▶ Records for the exercise
BEGIN
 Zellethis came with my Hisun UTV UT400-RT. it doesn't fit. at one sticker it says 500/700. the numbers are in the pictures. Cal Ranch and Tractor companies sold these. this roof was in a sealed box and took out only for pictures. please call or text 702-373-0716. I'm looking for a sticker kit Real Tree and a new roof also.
END
BEGIN
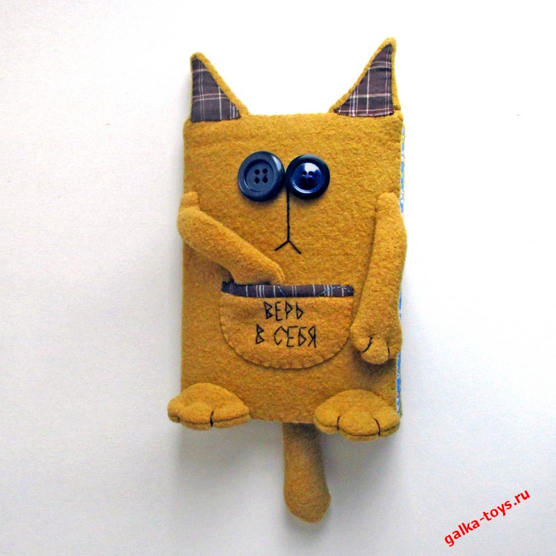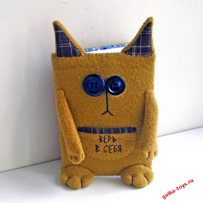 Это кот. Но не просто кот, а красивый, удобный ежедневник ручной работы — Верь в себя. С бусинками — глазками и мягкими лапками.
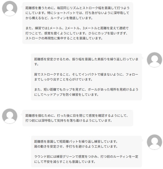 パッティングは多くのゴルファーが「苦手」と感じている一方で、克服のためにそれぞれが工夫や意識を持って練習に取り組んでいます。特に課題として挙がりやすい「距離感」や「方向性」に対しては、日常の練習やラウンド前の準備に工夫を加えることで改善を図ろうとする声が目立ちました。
END
BEGIN
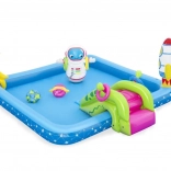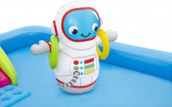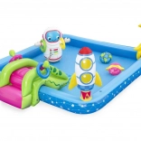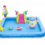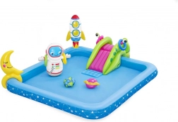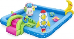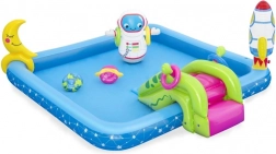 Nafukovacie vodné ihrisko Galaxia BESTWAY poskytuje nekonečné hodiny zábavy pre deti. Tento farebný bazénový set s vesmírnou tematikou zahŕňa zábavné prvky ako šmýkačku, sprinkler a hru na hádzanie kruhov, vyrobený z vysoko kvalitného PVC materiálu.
END
▶ Problem to work on
What's needed is an exact copy of the lines above from the one with "Это кот. Но" through the one with "パッティングは多くのゴルファ", both included; the pictures stay out.

▶ Finished task
 Это кот. Но не просто кот, а красивый, удобный ежедневник ручной работы — Верь в себя. С бусинками — глазками и мягкими лапками.
 パッティングは多くのゴルファーが「苦手」と感じている一方で、克服のためにそれぞれが工夫や意識を持って練習に取り組んでいます。特に課題として挙がりやすい「距離感」や「方向性」に対しては、日常の練習やラウンド前の準備に工夫を加えることで改善を図ろうとする声が目立ちました。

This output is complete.